И нетрудно понять, почему это должно быть так. Первый принцип, на котором теория науки истории может быть правдоподобно аргументирована, заключается в том, что все действия без исключения возникают из личного интереса. Это может быть просвещенный личный интерес, это может быть непросвещенный; но принимается как аксиома, что каждый человек, во всем, что он делает, стремится к чему-то, что, как он считает, будет способствовать его счастью. Его поведение не определяется его волей; оно определяется объектом его желания. Адам Смит, закладывая основы политической экономии, прямо исключает любой другой мотив. Он не говорит, что люди никогда не действуют по другим мотивам; еще меньше, что они никогда не должны действовать по другим мотивам. Он утверждает лишь, что, насколько касаются искусства производства, а также купли и продажи, действие личного интереса может считаться равномерным. То, что Адам Смит говорит о политической экономии, мистер Бокль распространил бы на весь круг человеческой деятельности.

Теперь, то, что особенно отличает высокий порядок человека от низкого порядка человека — то, что составляет человеческую доброту, человеческое величие, человеческое благородство, — это, конечно, не степень просвещенности, с которой люди преследуют свою собственную выгоду: но это самозабвение, это самопожертвование; это пренебрежение личным удовольствием, личным потаканием, личными преимуществами, отдаленными или настоящими, потому что другая линия поведения более правильна.

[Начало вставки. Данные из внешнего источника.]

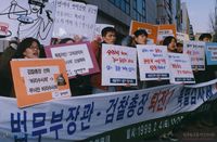 - 1983년 3월 22일 경찰고문으로 숨진 김근조의 미망인 박혜경이 박종철 고문치사사건의 전말을 듣고 사건이 발생한지 4년만에 당시의 상황, 경찰과 회사의 태도 등에 대해 언급했다는 내용의 기사가 수록된 신문스크랩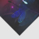 Glowing, flying, red dragonfly, with transparent, detailed wings on dark, nocturnal, luminous background with tropical plants and fireflies. Red dragonfly.
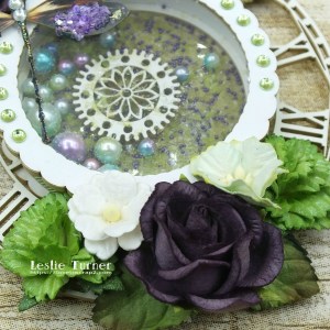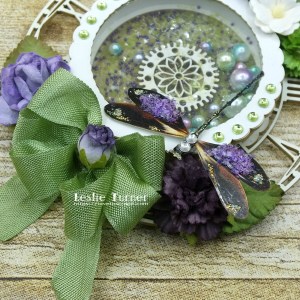 I embellished the outside of the box with paper flowers and leaves, green bling, a green bow and a purple dragonfly. The small green flower, the small white flower and the large green flowers are from my stash. I inked the two large flowers (which started out white) with Tattered Angels Moss Glimmer Mist. I fashioned a triple loop bow from green seam binding in my stash.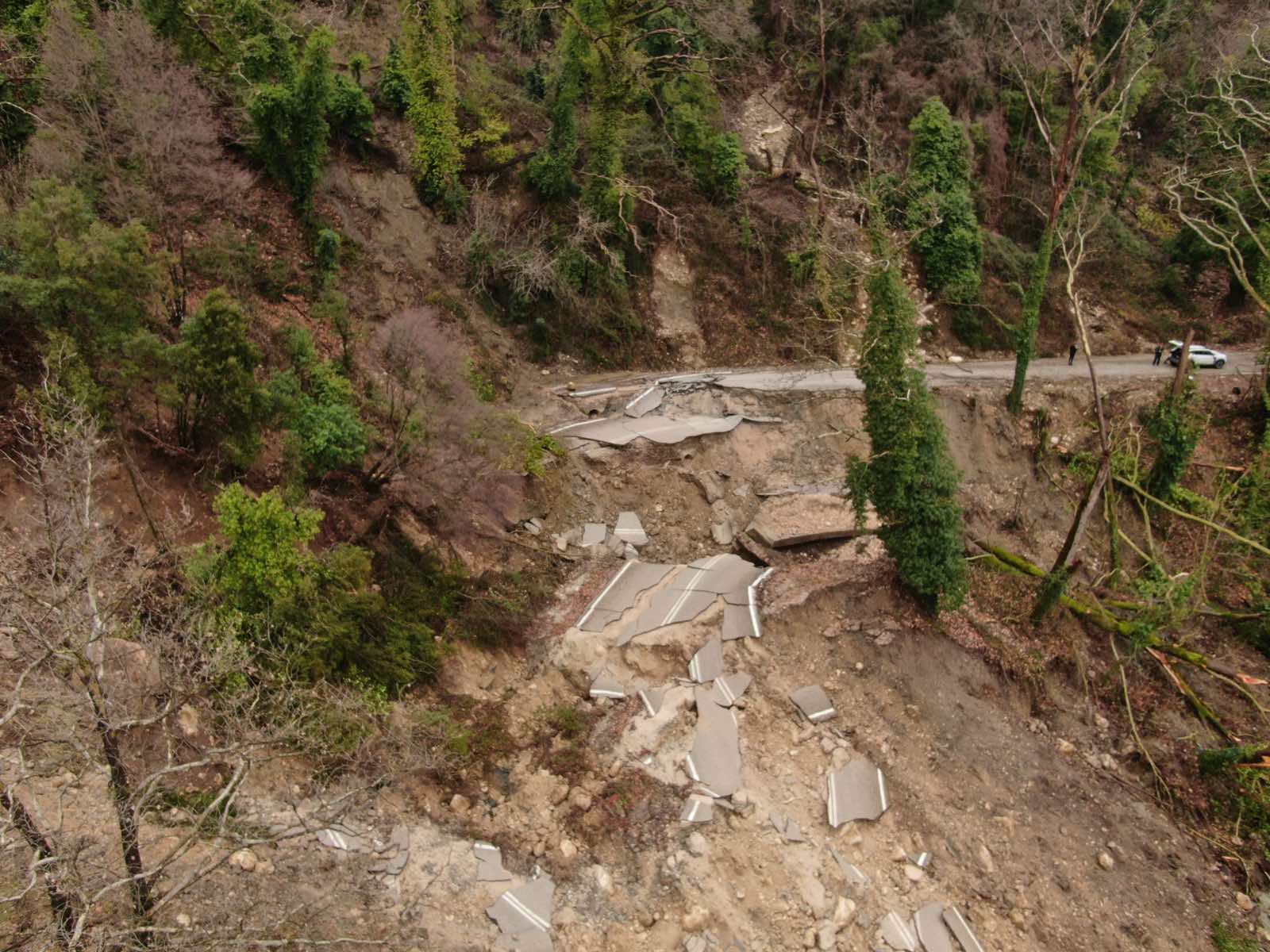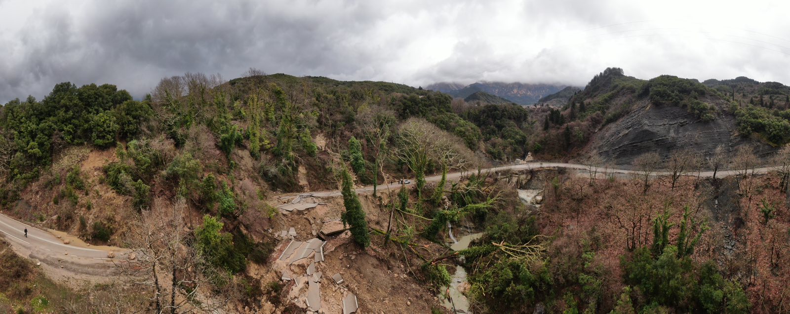 Εικόνες εκτεταμένης καταστροφής καταγράφονται στο οδικό δίκτυο των Τζουμέρκων, όπου μεγάλο τμήμα της 2ης επαρχιακής οδού υποχώρησε, παρασύροντας το οδόστρωμα σε χαράδρα δίπλα σε ρέμα της περιοχής. Η ζημιά εκτείνεται σε μήκος άνω των πενήντα μέτρων, με την άσφαλτο να έχει σπάσει σε μεγάλα κομμάτια και να έχει καταλήξει σε χαμηλότερο επίπεδο μαζί με χωμάτινους όγκους και βλάστηση.

Нам иногда говорят, что это лишь другой способ выражения того же самого; что, когда человек предпочитает делать то, что правильно, это только потому, что делать правильно дает ему более высокое удовлетворение. Мне кажется, напротив, что это разница в самом сердце и природе вещей. Мученик идет на костер, патриот — на эшафот, не с целью какой-либо будущей награды для себя, а потому что это слава — отдать свои жизни за истину и свободу. И так во всех фазах существования, до мельчайших деталей обычной жизни, прекрасный характер — это бескорыстный характер. Те, кого мы больше всего любим и кем восхищаемся, — это те, кому мысль о себе, кажется, никогда не приходит; кто делает просто и без всякой дальней цели — без мысли, будет ли это приятно им самим или неприятно — то, что хорошо, правильно и великодушно.

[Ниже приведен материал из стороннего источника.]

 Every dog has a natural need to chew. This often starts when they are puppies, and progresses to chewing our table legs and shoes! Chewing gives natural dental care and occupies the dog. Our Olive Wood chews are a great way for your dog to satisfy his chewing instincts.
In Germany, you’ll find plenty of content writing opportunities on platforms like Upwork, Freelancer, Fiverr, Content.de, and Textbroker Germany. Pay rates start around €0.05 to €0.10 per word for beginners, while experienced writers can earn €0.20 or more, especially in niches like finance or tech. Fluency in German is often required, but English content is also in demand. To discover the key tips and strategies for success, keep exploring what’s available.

Является ли это все еще эгоизмом, только более просвещенным? Я так не думаю. Сущность истинного благородства — пренебрежение собой. Пусть мысль о себе проникнет, и красота великого действия исчезнет, как цветок с испачканного цветка. Конечно, это парадокс — говорить о личном интересе мученика, который умирает за дело, триумфом которого он никогда не насладится; и величайшие из этой великой компании во все века сделали бы то, что они сделали, если бы их личные перспективы закрылись могилой. Более того, были те, кто был настолько ревностен к какому-то славному принципу, что желали быть вычеркнутыми из книги Небес, если дело Небес могло бы преуспеть.

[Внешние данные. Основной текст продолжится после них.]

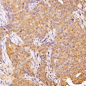 | IHC检测GAPDH蛋白(货号 GB15002). 样品: 人乳腺癌, 4%多聚甲醛 (货号G1101) 固定12-24小时. 抗原修复: 柠檬酸抗原修复液(干粉, pH 6.0) (G1201), 高压锅均匀喷气计时2分钟. —抗: 1: 1000稀释, 4℃ 孵育过夜. 二抗: HRP标记山羊抗小鼠IgG (H+L) (货号GB23301), 1: 200稀释, 室温孵育1小时. |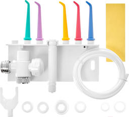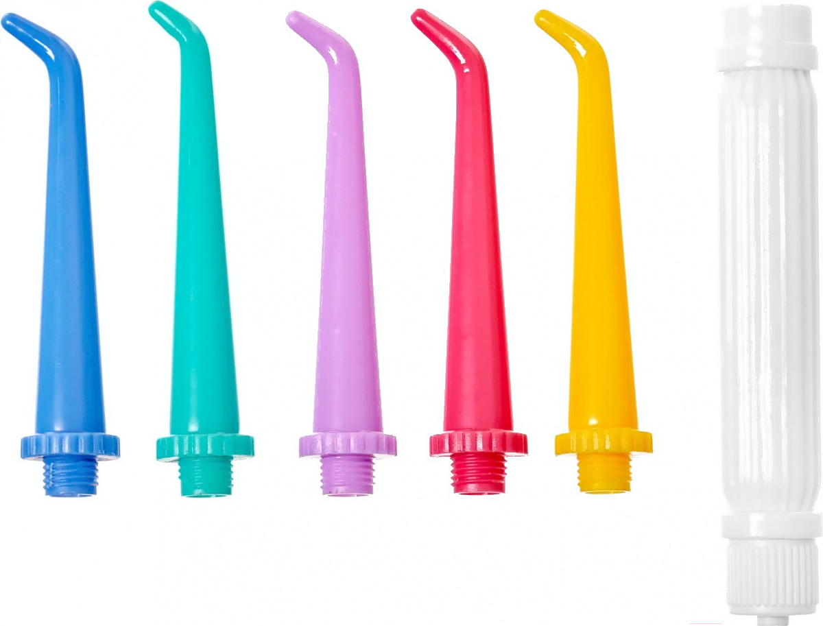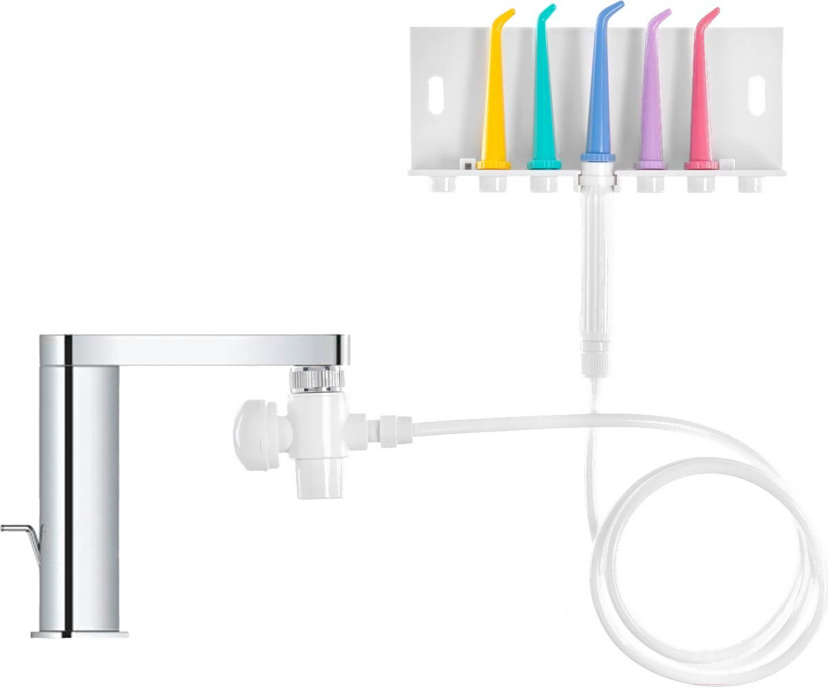 Дополнительная комплектацияподставка (рама для крепления насадок на стену), индивидуальные насадки (5 шт), ручка, соединительная трубка (шланг из ПВХ), переходник (для крана), ключ (пластиковый шестигранный)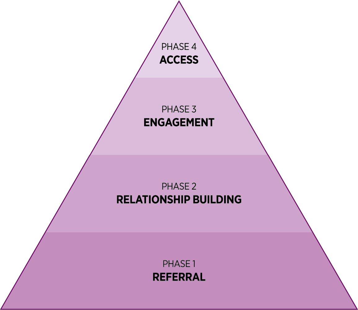 Referral, initial meeting with STET consultants, mentor matching, documentation sharing, timetable and target setting. Mentor and family introduction.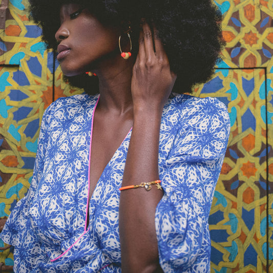 BEADED CIRQUE HOOPS - NEON ORANGE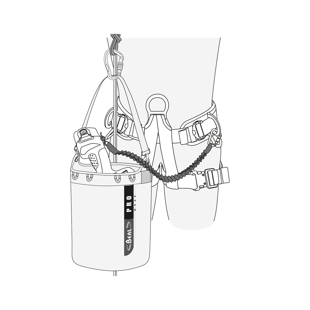 BEAL SUPER LEASH is an auxiliary leash for attaching tools or a chainsaw to the work harness. A small carabiner is included, with which you can easily attach the bow to your harness. The maximum load weight is 10kg.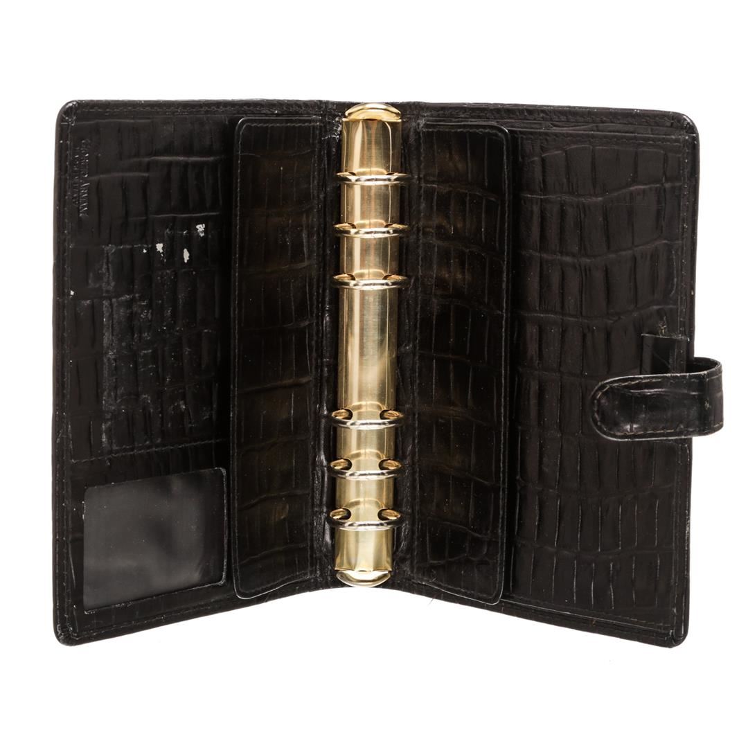 Brown leather Giorgio Armani leather embossed six ring agenda notebook with gold-tone hardware, tonal leather lining, three side slip pockets one business card slip pocket and button snap closure. Agenda paper no included.

И из этого таинственного качества, чем бы оно ни было, возникают высшие отношения человеческой жизни, высшие способы человеческого обязательства. Кант, философ, имел обыкновение говорить, что были две вещи, которые переполняли его благоговением, когда он думал о них. Одной была усеянная звездами глубина пространства, без предела и без конца; другой было — добро и зло. Добро, жертва собой ради блага; зло, жертва благом ради себя, — не градуированные объекты желания, к которым мы определены степенями нашего знания, а далекие друг от друга, как полюс и полюс, как свет и тьма: один — объект бесконечной любви; другой — объект бесконечного отвращения и презрения. Именно в этой чудесной силе людей делать зло (это старая история, но не менее верная от этого), — именно в этой силе делать зло — зло или добро, как это лежит как-то на нас самих выбирать — именно в этом заключается невозможность формирования научных расчетов того, что люди сделают до факта, или научных объяснений того, что они сделали после факта. Если бы люди были последовательно эгоистичны, вы могли бы проанализировать их мотивы; если бы они были последовательно благородны, они выражали бы в своем поведении законы высшего совершенства. Но пока две природы смешаны вместе, и странное существо, которое получается из комбинации, находится то под одним влиянием, то под другим, до тех пор вы ничего не сделаете из него, кроме как со старой моральной — или, если хотите, воображаемой — точки зрения.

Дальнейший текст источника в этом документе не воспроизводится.